= Stadiums of AFC Ajax =

Ajax is one of the most successful clubs in Dutch football. Historically, Ajax is the most successful club in the Netherlands, with 34 Eredivisie titles, 19 KNVB Cups and 9 Johan Cruyff Shields.

Ajax is historically one of the most successful clubs in the world; according to the IFFHS, Ajax were the seventh-most successful European club of the 20th century. The club is one of the five teams that has earned the right to keep the European Cup and to wear a multiple-winner badge; they won consecutively in 1971–1973. In 1972, they completed the continental treble by winning the Eredivisie, KNVB Cup, and the European Cup. Ajax's last international trophies were the 1995 Intercontinental Cup and the 1995 Champions League, where they defeated Milan in the final; they lost the 1996 Champions League final on penalties to Juventus.

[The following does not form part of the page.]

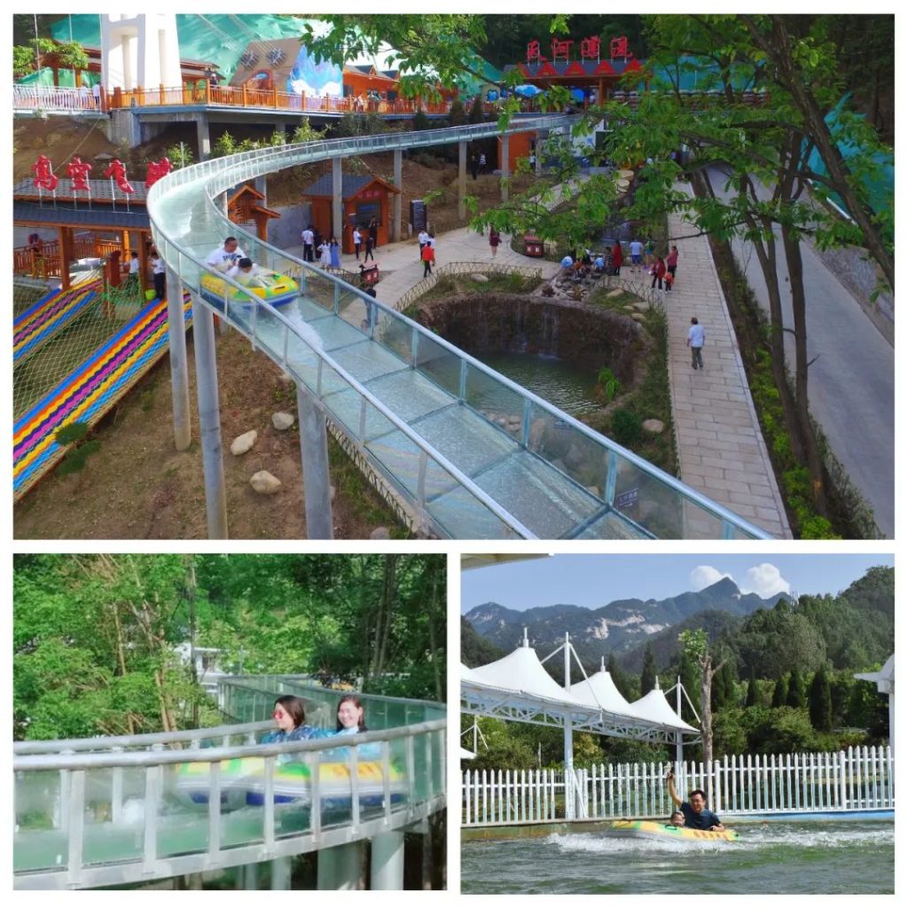 鸡冠洞景区天河漂流,全长1800米,上下落差80米,上至幸福桥,下至入园检票口百花坡。 高空漂流路线蜿蜒曲折,穿丛林,越花海,浪花飞溅,激流勇进、惊险刺激、安全生态、欢乐无限,是河南省内首条高空玻璃漂流,成为中原首创。

Ajax is also one of three teams to achieve a seasonal treble and the Intercontinental Cup in the same season/calendar year; This was achieved in the 1971–72 season. Ajax, Juventus, Bayern Munich, and Chelsea are the four clubs to have won all three major UEFA club competitions. They have also won the Intercontinental Cup twice, the 1991–92 UEFA Cup, as well as the Karl Rappan Cup, a predecessor of the UEFA Intertoto Cup in 1962. Ajax plays at the Johan Cruyff Arena (previously known as Amsterdam Arena), which opened in 1996. They previously played at De Meer Stadion and the Amsterdam Olympic Stadium (for international matches).

==Stadiums==

===1893–1900: "Het Veldje"===
Prior to the foundation of the club in 1900, during what is considered the prehistory of the club, Ajax had played their matches on an empty field at the end of the Overtoom in the municipality of Nieuwer Amstel. An area which lied outside the city limits at the time and in 1881 had been made an extension of the Vondelpark. For ƒ15 (Dutch guilder) a day, the team could play on the field commonly known as "Het Veldje". The exact measurements of the pitch are not known, but sometimes corner kicks were taken from the sidewalk. In 1896 the area was included in the expansion of the municipality of Amsterdam, leaving Ajax in search of a new location.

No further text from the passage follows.